Determination of CSAs activity against P. aeruginosa mono- and dual-species biofilms

To estimate the ability of CSA-13 to suppress P. aeruginosa biofilm formation, bacterial strains at a final inoculum of 105 CFU/mL were incubated in MH broth with varied doses (5 and 20 μg/mL) of the ceragenins in 96-well microtiter plates to a final volume of 200 μL for 48h at 37°C. After incubation, planktonic cells were removed, and the attached cells were washed three times with PBS. As evidenced in earlier reports, 48-hour incubation in high nutrient medium is sufficient to form a mature biofilm by Pseudomonas isolates [31, 32]. The biofilm was stained with 0.1% (w/v) crystal violet. After 15 minutes, the crystal violet solution was removed, and the plates were carefully washed with PBS for 2 seconds. To determine the mass of the biofilm, the remaining biofilm-staining crystal violet was dissolved in 95% ethanol. Biofilm intensity in the 96-well plated were measured at 570 nm using a Labsystem Varioscan Lux (Thermo Fisher Scientific, Waltham, MA, USA). The 50% inhibitory concentrations (IC50) were calculated based on percentage inhibition with the different concentrations of CSAs compared with the non-treated biofilm.

In corresponding experiments, the mass of P. aeruginosa biofilms was evaluated in the presence of DNase I at concentrations ranging from 0.5 to 5 μg/mL, pASP at concentrations ranging from 1 to 200 μg/mL, and Pf1 bacteriophage at concentrations ranging from 0.01 to 0.5 mg/mL, that were administered alone and in combination with CSA-13 at doses of 5 or 20 μg/mL.

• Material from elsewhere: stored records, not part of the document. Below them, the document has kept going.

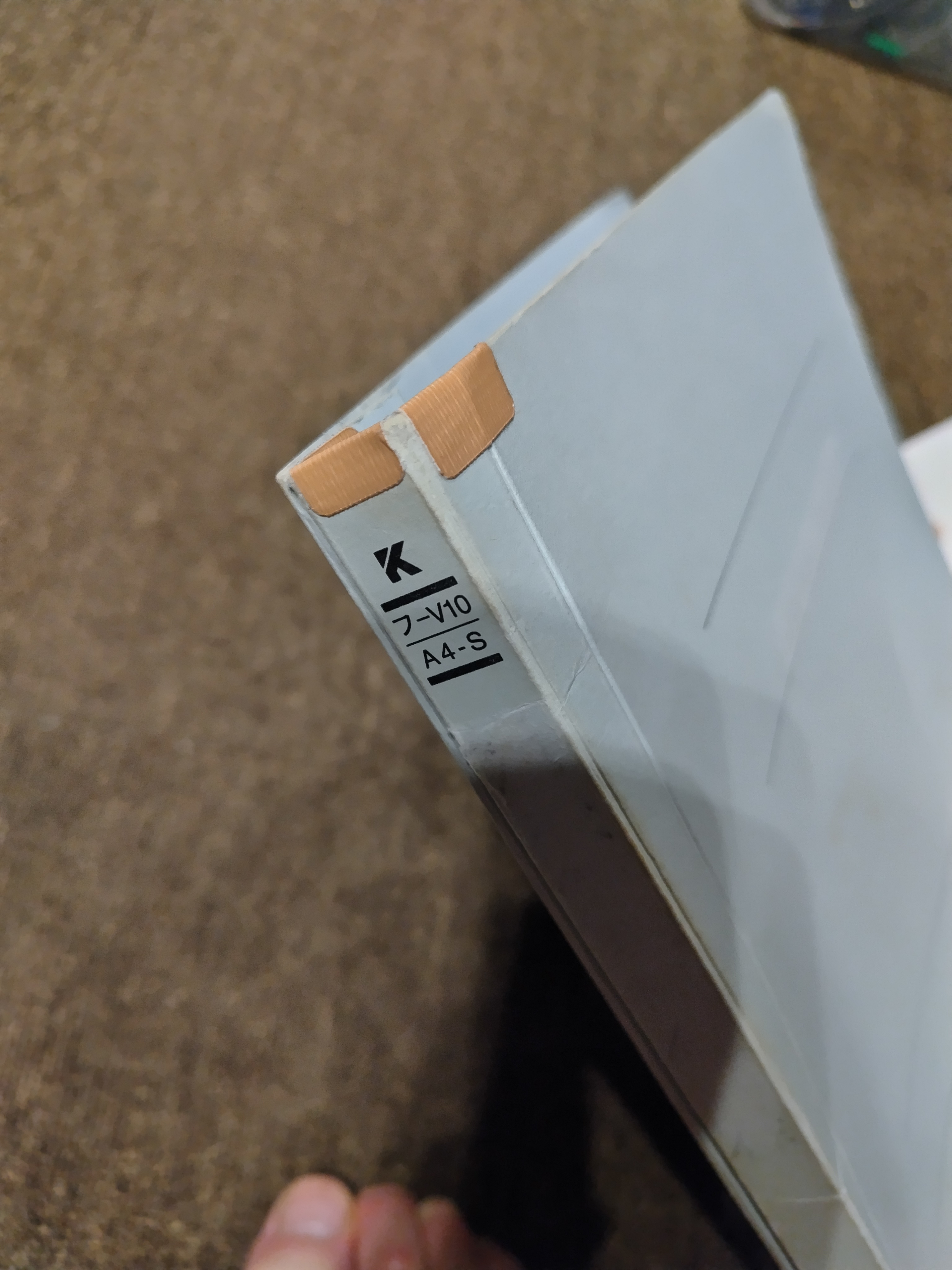 2026/04/20 ほしい募集中 フラットファイル補強シール カズカズ フラットファイルの背表紙の上部が破れやすいので、布テープをレーザーカットして補強用のシールを作りました。自作は面倒なので製品にして欲しいです。
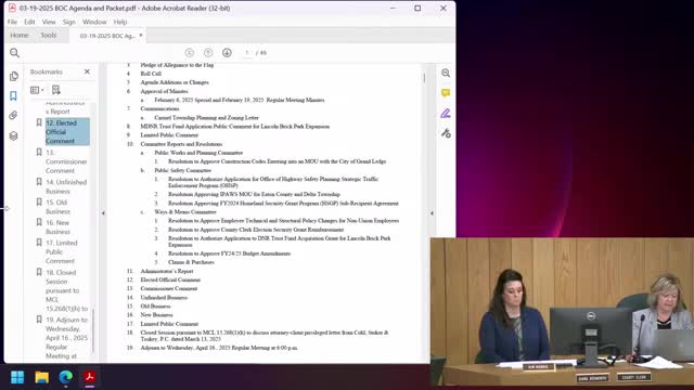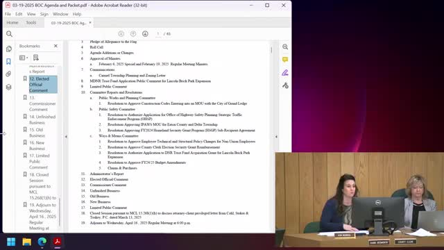 Eaton County commissioners approve multiple resolutions including park land grant application, public safety and emergency-alert agreements
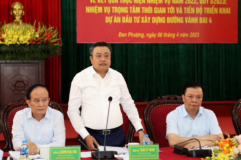 Liên quan đến việc triển khai dự án Vành đai 4 - Vùng Thủ đô, Bí thư Thành ủy Đinh Tiến Dũng đề nghị tập thể lãnh đạo huyện phải thường xuyên đôn đốc, huy động sự vào cuộc của cả hệ thống chính trị; tập trung cao độ nguồn lực nhằm phục vụ công tác đo đạc, kiểm đếm, di chuyển mồ mả, xây dựng khu tái định cư…, kiên quyết bảo đảm theo tiến độ chung của thành phố.

Likewise, the same procedure was applied for polymicrobial biofilms formed by Pf-positive and Pf-negative P. aeruginosa strains co-cultured with S. aureus and C. albicans. Recorded values were compared to the anti-biofilm activity of CSA-13 alone.

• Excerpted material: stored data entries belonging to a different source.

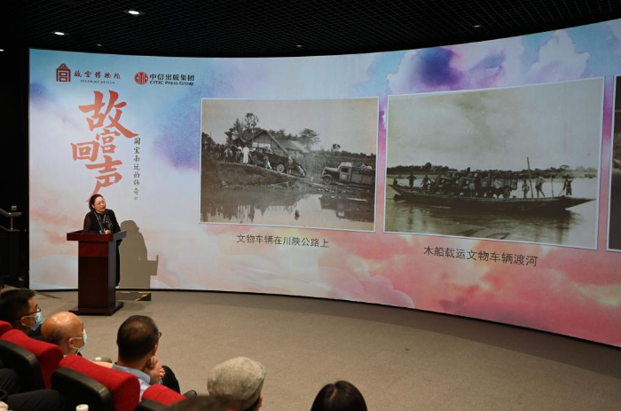 8月22日,故宫博物院文物南迁研究所所长徐婉玲在发布会上介绍文物南迁历史。
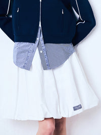 綿ナイロンの生地を使ったボリュームスカート。贅沢に用尺をつかっているのでガーリーなボリュームシルエットに。ブーツスタイルにもおすすめ。
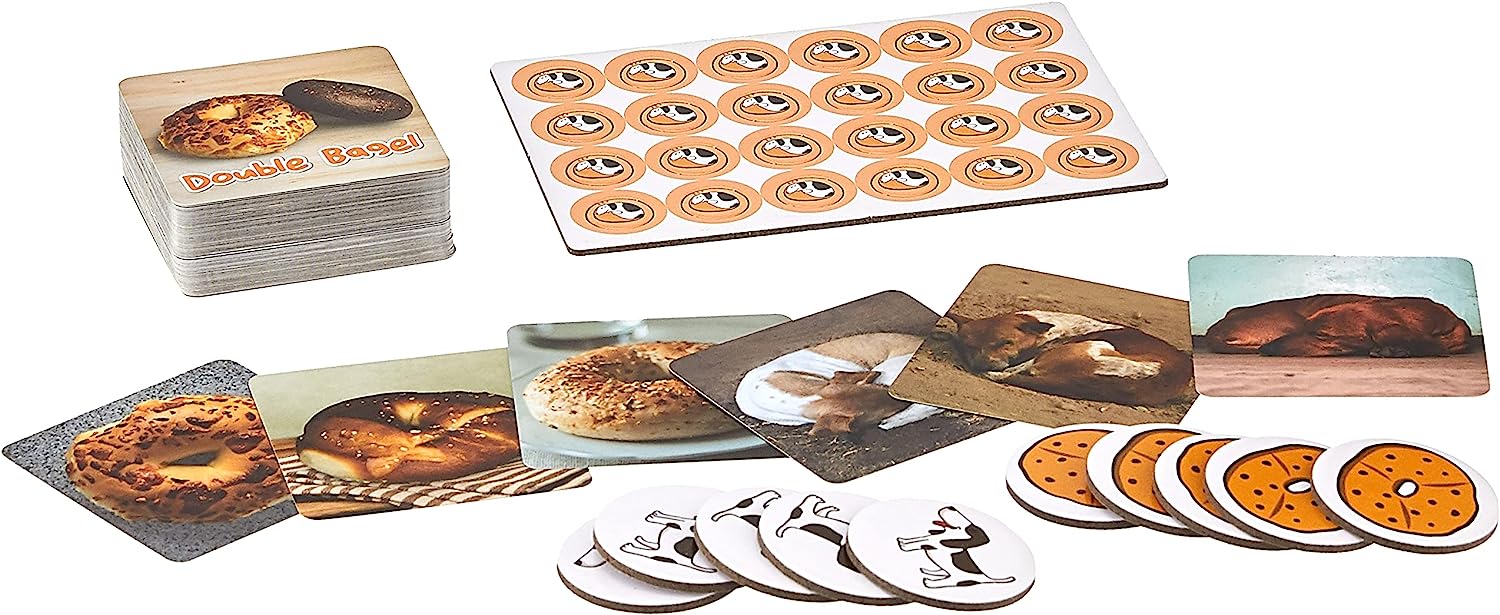 - In Beagle or Bagel, you're presented with cards that have either baked bagels or curled-up pooches on them. You must be the first to determine which group has more representatives shown and shout out your answer.

Estimation of biofilm viability

A colony-forming units (CFUs) counting technique was used as a complementary method to determine the microbicidal action of the compounds in P. aeruginosa dual-species biofilms. Briefly, the viability of the biofilms formed by Pf-positive and Pf-negative P. aeruginosa strains with S. aureus, and C. albicans strains was examined in the presence of with CSA-13 at a dose of 20 μg/mL alone and when co-administrated with DNase I, pASP as well as exogenous Pf1 phage at concentrations of 5 μg/mL, 10 μg/mL, and 0.1 mg/mL, respectively. After 48 hours of incubation, biofilms were sonicated for 5 minutes, diluted, and plated on tryptic soy agar plates supplemented with 5% sheep blood. After incubating the plates for at least 24 hours, the number of CFUs per biofilm sample was calculated.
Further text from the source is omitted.